志摩三商会の社名には、往古の封地=志摩と最後の封地=三田とを組合わせることによって、徳川二百数十年の旧三田藩歴代の情念が込められている。赤心社は、北海道浦河郡浦河町荻伏(おぎふし)の地に、戦後も昭和末年頃まで存在した最古の北海道開発会社である。その名には、新天地の開発に旧藩士の真心を捧げるという意味と、一説には、アメリカ伝道会キリスト教のピューリタン精神が込められている、ともいわれている。いずれにしても、維新によせる旧三田藩士の心意気が感じられ、味わい深い名称と言えよう。

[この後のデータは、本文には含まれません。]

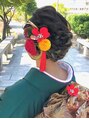 和装のヘアアレンジです!インナーカラーを目立たせるアップスタイルです◎飾りを変えると結婚式、パーティーなどにもオススメ◎

その、志摩三商会の社長=九鬼隆義の秘書役が、小磯さんの祖父岸上角次であった。また父文吉は外国商館の社員として、九鬼グループの一員をなしていた。彼らはまた、養家の小磯氏などとともに、神戸組合教会(現日本基督教団神戸教会)の会員として、敬けんなキリスト教信者の家庭を形成していた。そのような、旧三田藩士特有の「西洋風」の家庭や、外国商館など周辺の「西洋文化」の環境の中で、小磯さんはその幼少期を過ごされるのである。

【昭和61(1986)年1月・兵庫県立近代美術館『小磯良平展』図録=増田洋「小磯良平略伝」から】

小磯絵画の根底にある、彼の人の思想を形成した「西洋風」は、同時代の洋画家たちが何年かのパリ遊学から持ち帰った、他国からの借り物ではない。小磯さんの青年期のヨーロッパ遊学は二年足らずであるが、その思想の根底に流れる「西洋文化」(「キリスト教精神」と言ってもいい)は、旧三田藩主=九鬼氏から三百年の風雪に耐えて受継がれ、彼の人の血肉となった・純国産・のものだ、と私は信じて疑わない。

小磯さんの生い立ちを通じ、彼の人をもっともよく知り尽くしている、竹中郁さんをして、「日本人一般が味噌くささを意識せずにもっているのとまったく同じように(小磯は)バターくささをもっている」と、言わしめる所以(ゆえん)である。

なお、養家=小磯家が、三田藩歴代藩主に仕えた薬師の家柄であったことが、後に、小磯絵画の最大の理解者であり、彼の人の画業の最大の後援者ともなる、武田薬品工業M社長=武田長兵衛氏との出会いを生むのは、奇すしき縁(えにし)というほかあるまい。